------ DATASET CONTENT

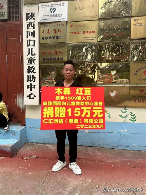 2023年9月9日木森、红豆为感谢粉丝长期以来对木森团队和红豆团队的支持代表粉丝出资15万元捐赠给儿童村,用于儿童村的公益事业经费。
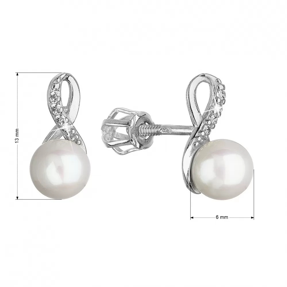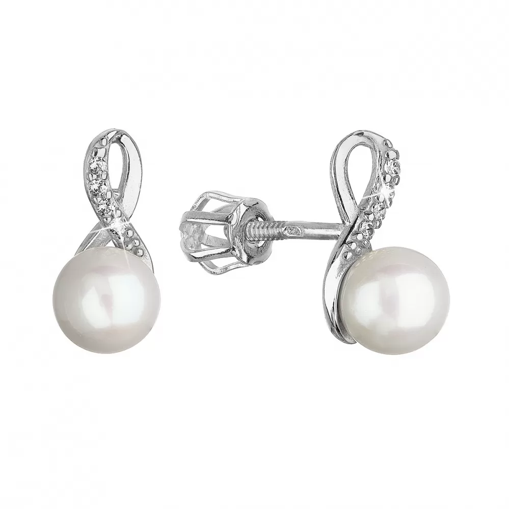Zlaté 14 karátové náušnice biele zlato s riečnou perlou a zirkónmi 81PZ00028 nekonečno
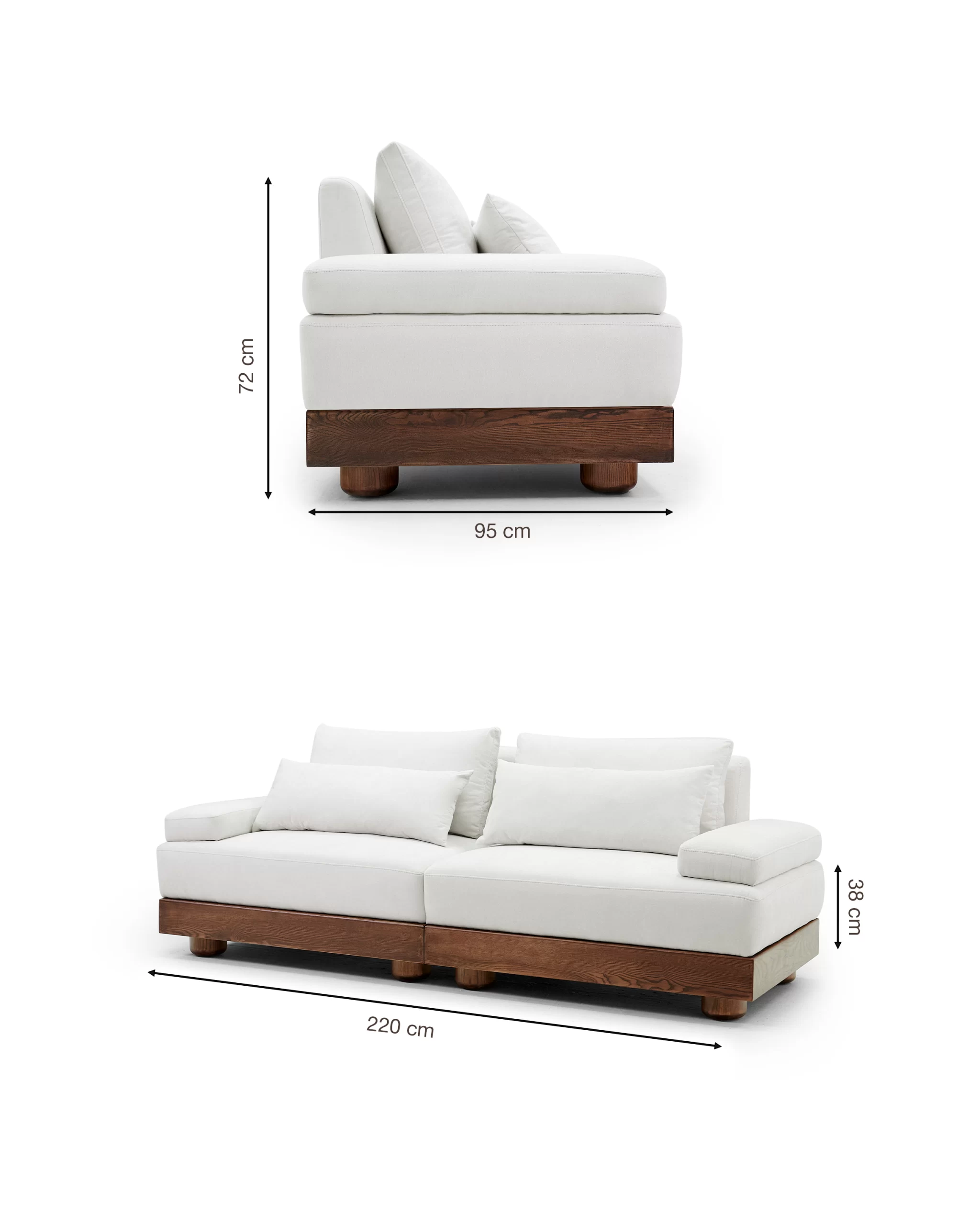 Bệ gỗ Tần bì tự nhiên với tông nâu óc chó ấm áp tạo điểm nhấn thị giác độc đáo. Bên trong, khung gỗ Sồi sấy khô kết hợp plywood đạt chuẩn nội thất bền vững đảm bảo độ vững chắc theo thời gian. Hệ thống đệm K43 kết hợp lò xo cối mang lại độ nâng đỡ tối ưu và cảm giác êm ái lâu dài. Đệm tựa lưng và tay vịn thiết kế rời giúp bạn tùy chỉnh độ êm theo sở thích cá nhân.
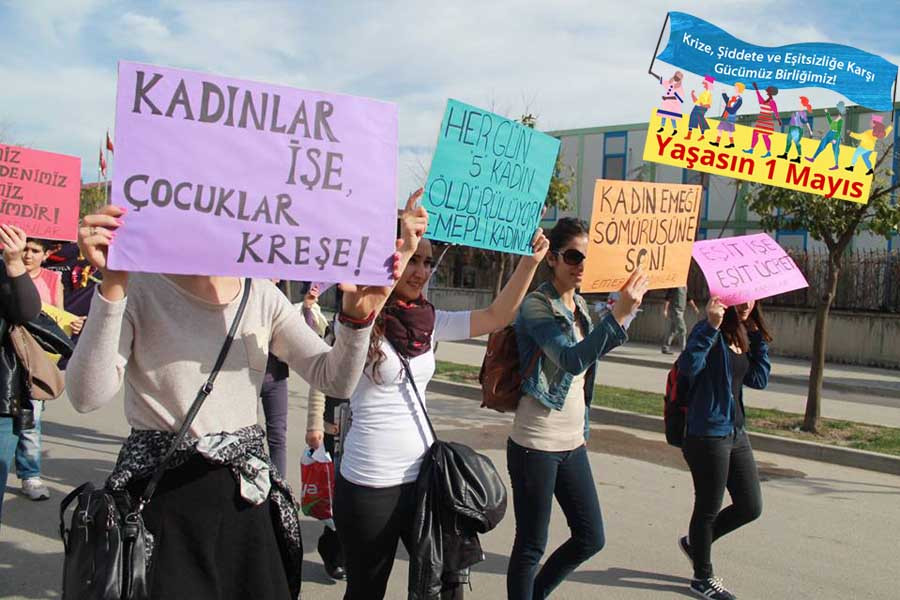İşçi olmanın yanı sıra kadın bir işçi olmanın getirdiği zorluklar da var elbet! Fabrikaya gidip makine başında çalışmak, eve gelip ev işleri yapmak, çocuklarımıza bakmak derken ömrümüz geçip gidiyor. Halbuki bizim de bir ailemiz var, bizim de çocuklarımız var zaman ayırmak istediğimiz. Daha iyi ve insani koşullarda yaşamak bizim de hakkımız. Bizim fabrikamızda her ne kadar yasal olarak kadınlara daha toleranslı davranılıyor gibi olsa da daha işe girerken ‘mesaili çalışma’ için kağıt imzalatıyorlar. Bu demek oluyor ki, ailenizden, çocuklarınızdan, kendinizden fedakarlık yapacak ve çalışacaksınız!
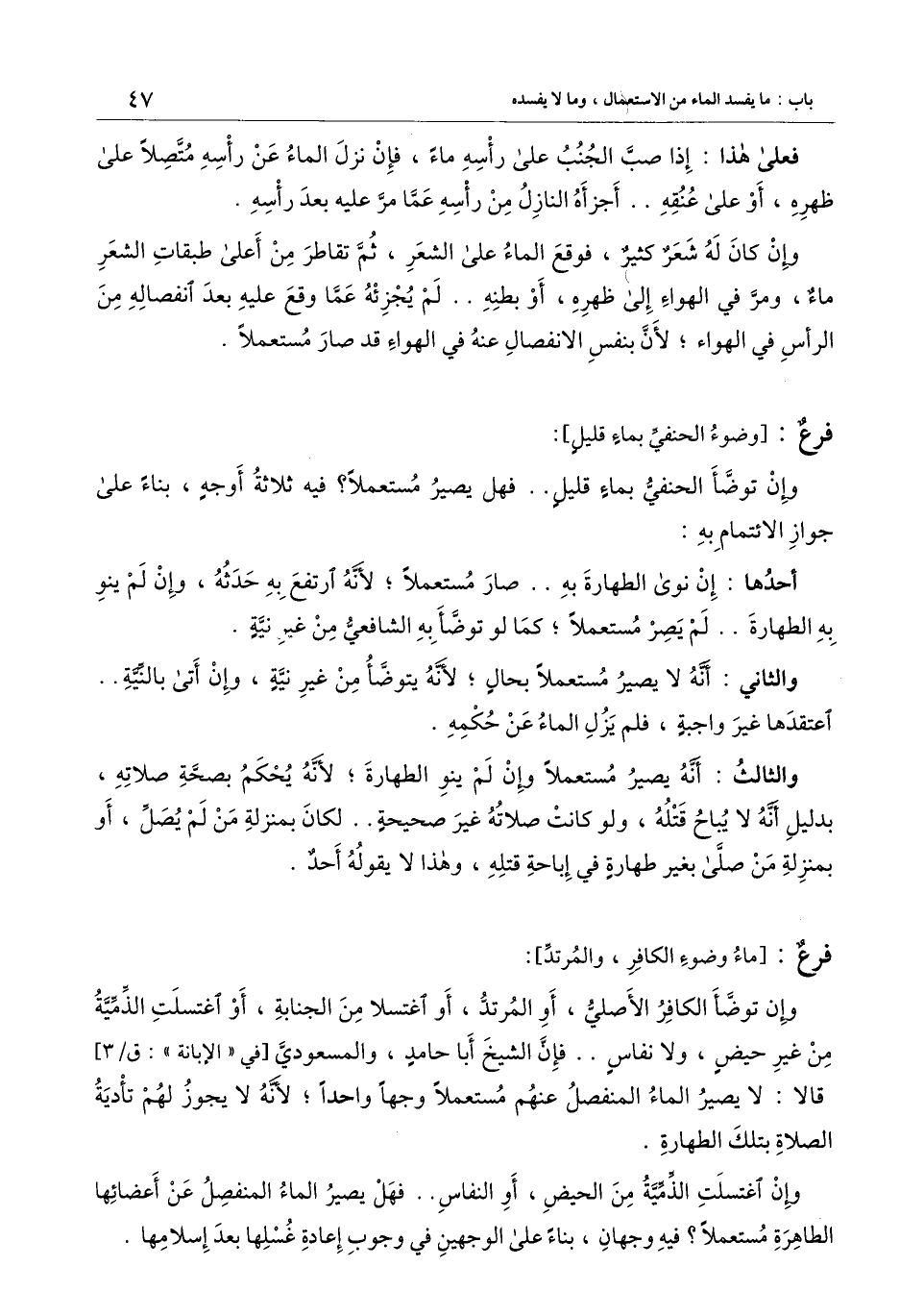 وإن توضأ الكافر الأصلي، أو المرتد، أو اغتسلا من الجنابة، أو اغتسلت الذمية من غير حيض، ولا نفاس.. فإن الشيخ أبا حامد، والمسعودي [في " الإبانة ": ق \ 3] قالا: لا يصير الماء المنفصل عنهم مستعملًا وجهًا واحدًا؛ لأنه لا يجوز لهم تأدية الصلاة بتلك الطهارة.
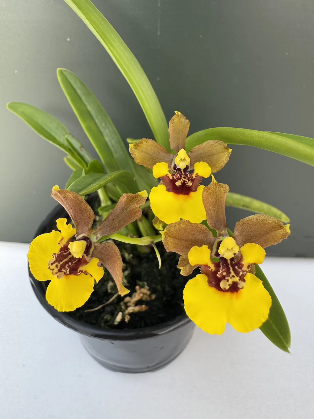 Τα άνθη είναι σχετικά μικρά — περίπου 4–4.5 cm — με πλούσιο, συχνά “σκούρο” φόντο στα πέταλα/sepals και με έντονο χρυσό/κίτρινο “χείλος” (lip).
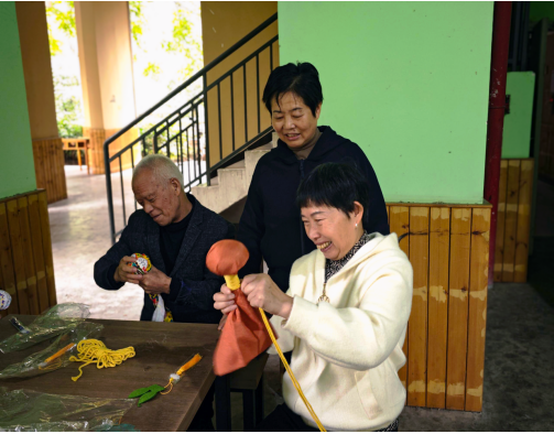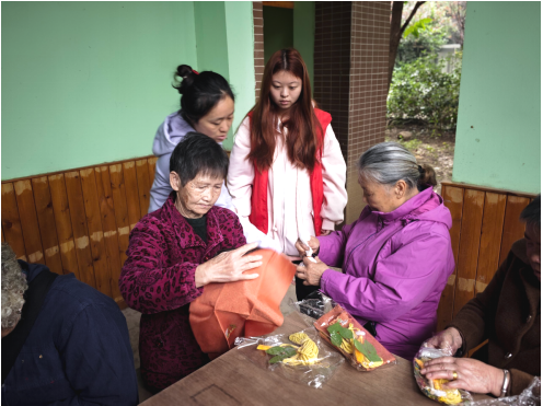 社区工作人员为大家详细讲解本次活动中艾草锤的制作方法,支部师生与社区工作人员分组协作,开启了艾草锤的制作工作。活动过程中,李思佳、朱琳、芶宇婧耐心地协助社区老年人完成艾草锤的制作。活动现场,支部师生与社区老人携手制作艾草锤,进一步加深了对传统节日文化的认识,大家共同度过了一段短暂却欢乐的时光,切实增进了校社联动。
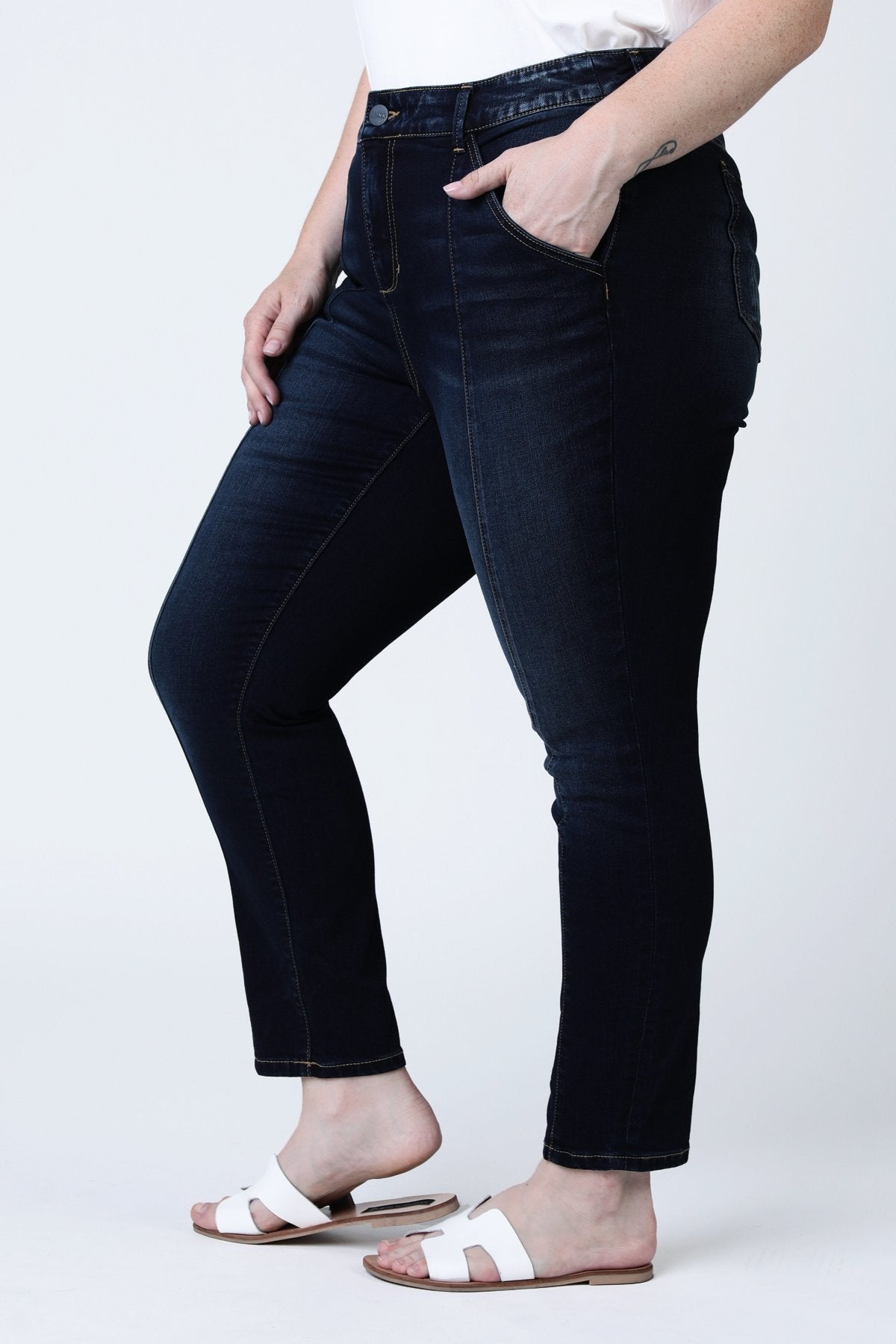 The New Pintuck High Rise Ankle delivers a sleek fit with smooth lines and a modern 11 3/4" rise. Designed with you in mind, the sleek denim style features a shorter, 28" inseam with intricate detailing.

------------

▶ ASSIGNMENT
The answer must be the lines of the entries above, written out exactly from the first through the one with "Zlaté 14 karátové", and no pictures.

▶ ANSWER TO THIS PROBLEM
 2023年9月9日木森、红豆为感谢粉丝长期以来对木森团队和红豆团队的支持代表粉丝出资15万元捐赠给儿童村,用于儿童村的公益事业经费。
Zlaté 14 karátové náušnice biele zlato s riečnou perlou a zirkónmi 81PZ00028 nekonečno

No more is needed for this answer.